Sunday, April 4, 2010

Review of Mistwood


Mistwood
by Leah Cypress

Young Adult Fantasy

Pub date May 2010


I was eager to read this book because the back says, "For fans of Kristin Cashore's Graceling and Fire, Tamora Pierce, and Megan Whalen Turner's Attolia books." As some of you know, Tamora Pierce is the author who made me a reader. I love Kristin Cashore, both as an author and as an awesome person, and I've been trying to get my hands on the Attolia books for several months. (I had one in my hand, finally, but lent it to someone and never saw it again.) So I had high hopes and expectations for Mistwood. It didn't let me down.

Isabel is the Shifter. For hundreds of years, it has been her duty to protect the king of Samorna.
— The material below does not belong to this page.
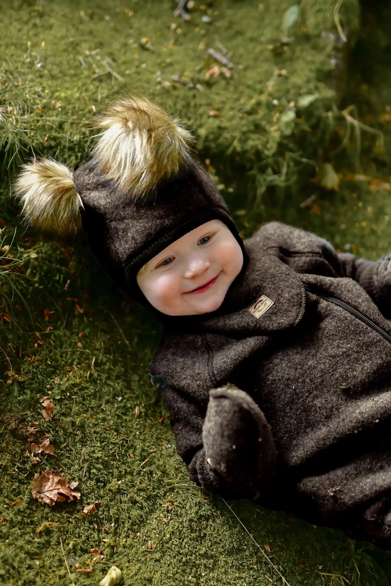 Mikk-line ulddragten er lavet af en lækker børstet uldkvalitet, som er åndbar og har en temperaturregulerende effekt, som kan holde de små varme.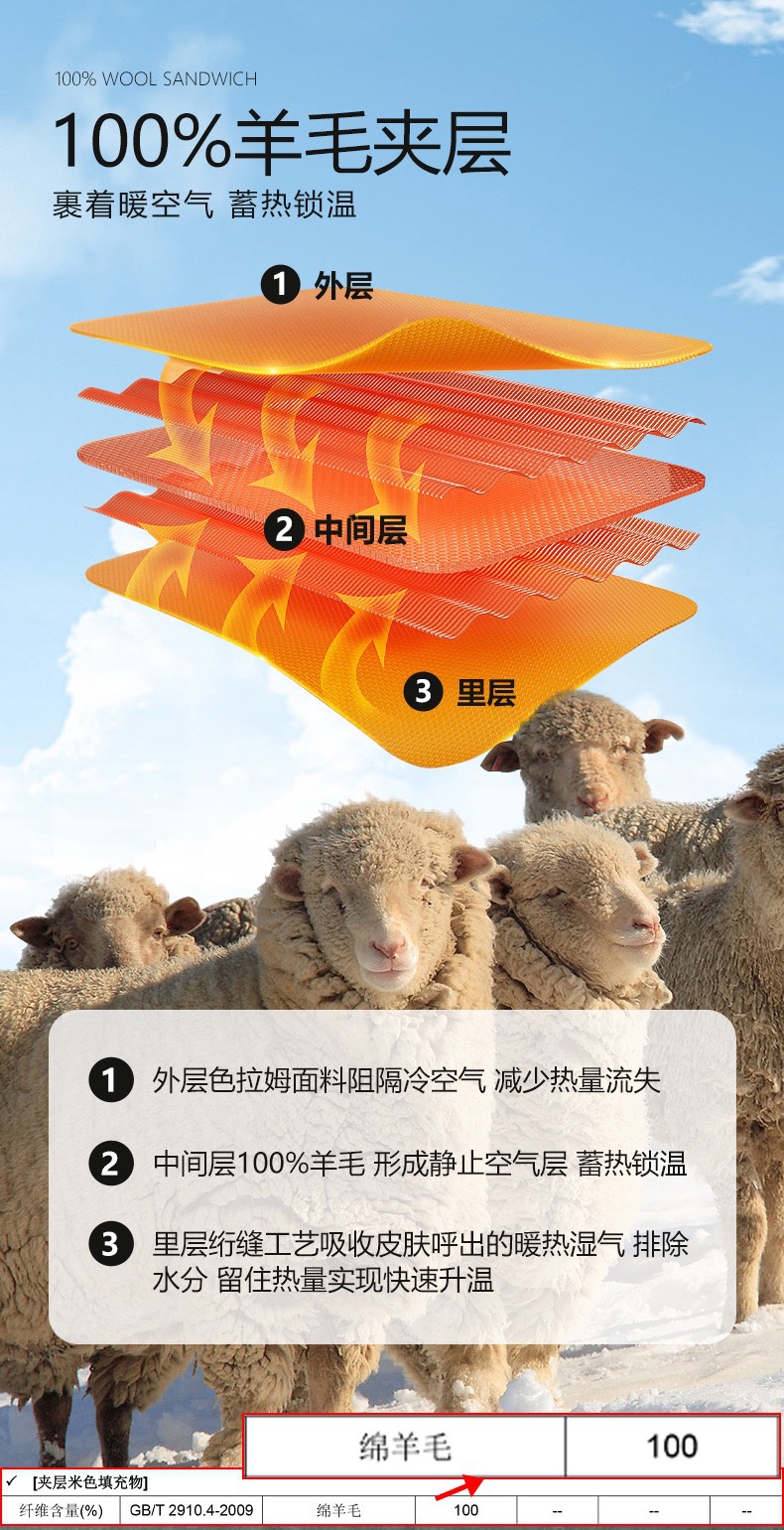 夹层采用羊毛100%成分,具有轻盈,蓬松,保暖等特点。

But this time, when the new king comes to summon her from the Mistwood, she finds that she does not have hundreds of years of memory to rely on. Her knowledge comes in flashes, disconnected bits of remembering that indicate that everything is not as it should be. And, most troubling of all, Isabel is exhibiting human characteristics that have no place within an immortal being. Can Isabel remember who she is--and how to shift--before the king's enemy strikes? Does she even want to?
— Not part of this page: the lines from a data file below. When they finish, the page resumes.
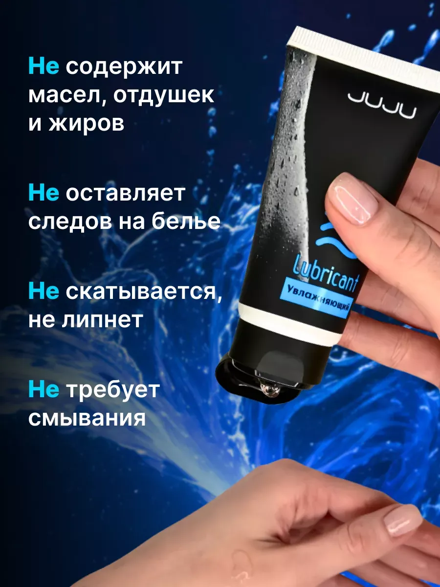 Приятное и нежное увлажнение осуществляет лубрикант JUJU увлажняющий. Входящий в состав лубриканта гиалуронат натрия оказывает глубокий увлажняющий эффект, пантенол заживляет и устраняет любые болезненные ощущения. Средство подходит для применения с презервативом и легко смывается с тела. Подходит для чувствительной кожи и помогает справиться с вагинальной сухостью. Состав: вода очищенная, глицерин, ПЭГ-400, метилпарабен,этилпарабен в пропиленгликоле, гидроксиэтилцеллюлоза, пантенол, гиалуронат натрия, сополимер акрилатов, триэтаноламин, ЭДТА  срок годности-3 года.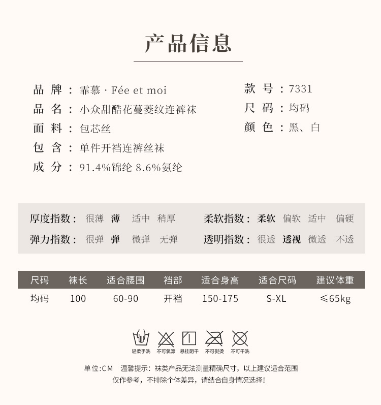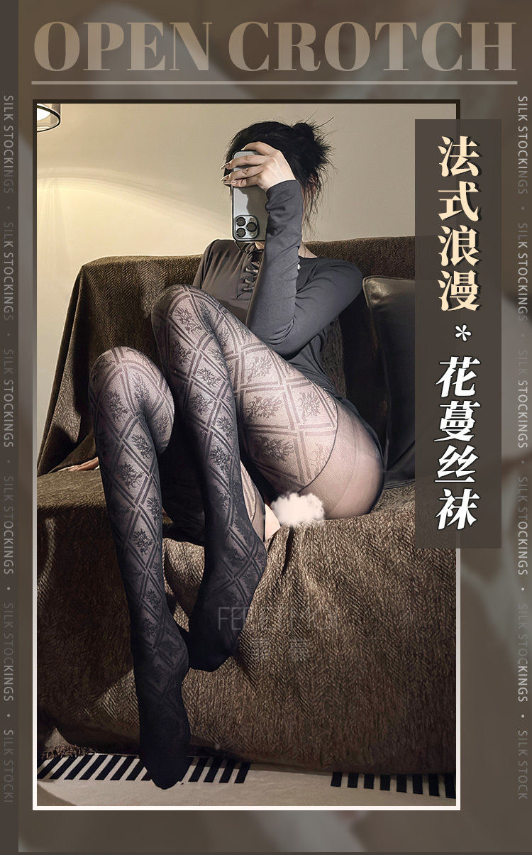 霏慕 小众甜酷花蔓菱纹连裤袜7331 情趣内衣性感纯欲免脱透肤黑丝丝袜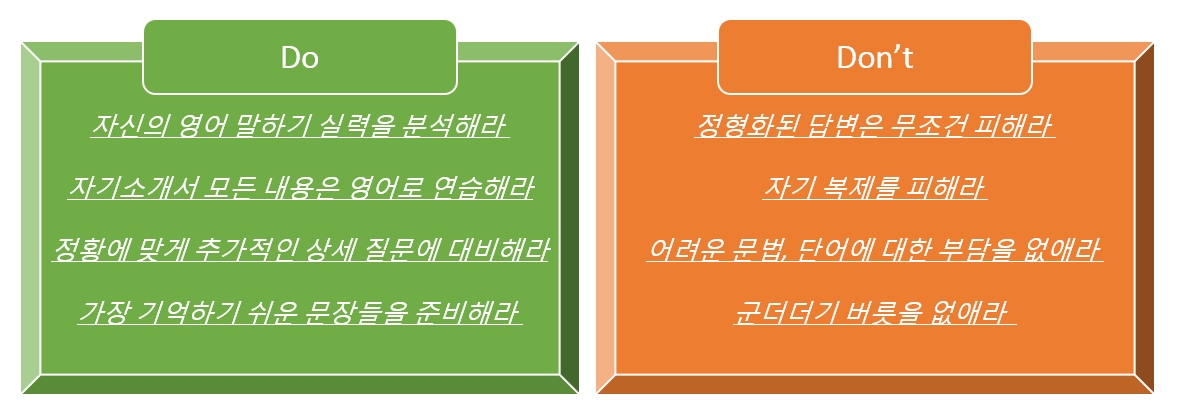 특히나, 자기소개서에 나와 있는 문장과 단어를 동일하게 암기하는 것이 아니라, 본인의 말하기 실력에 맞는 문장과 단어를 구성하여 약간 다르게 설명하는 것이 오히려 본인 영어 실력에 더 솔직히 어필하는 방법이라 생각 합니다.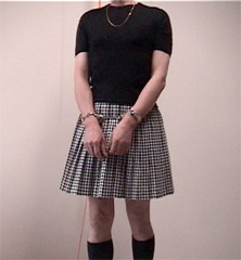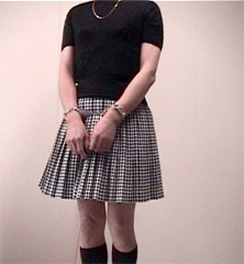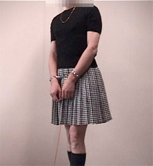 ギンガムチェックのプリーツミニスカートを着けて、手錠をかけられた純子... 生け捕りにされ、拷問室に連れ込まれたた女スパイの妄想に耽っています... きっと厳しい拷問にかけられるんだわ、このスカートでさんざん辱められるのね... せっかくきちんとしたこのスカートが、無残に捲り上げられて...ああ...きついわ... 妄想が発展するとともにスカートの中の純子のからだがつらくなってくるんです...ウッ...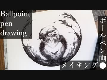 鳥 - その13 -【ボールペン画メイキング】- Ballpoint pen drawing -

You will be sucked into the land of Samorna from the very first page.

Review of The Weed That Strings the Hangman's Bag



The Weed That Strings the Hangman's Bag
by Alan Bradley
Adult/Crossover Mystery

Available now in hardcover


This is the second Flavia de Luce mystery. After I read the first one, entitled The Sweetness at the Bottom of the Pie, you may recall that I called Flavia "my favorite character in literature." This book proved it. Even if this series was not full of murder mysteries and intrigue--even if it was just a week in the life of Flavia de Luce, riding her bike (Gladys) around the countryside and serving tea at church--I would still love it. Flavia is eleven years old. She is the youngest of the three de Luce girls, who live with their widower father on the Buckshaw estate. Flavia's sisters are the bane of her existence, and she uses her budding expertise in chemistry to play tricks on them. (For example, in the first book she extracts the poison from a batch of poison ivy, melts down Ophelia's favorite lipstick, mixes in the toxin, and reforms the lipstick into its original shape. She then makes field notes for the next week as she waits for the poison ivy to do its work.)

Inevitably, there is a murder in the nearby town of Bishop's Lacey and Flavia must put her detection skills to the test. Can she solve the mystery before the local constabulary does?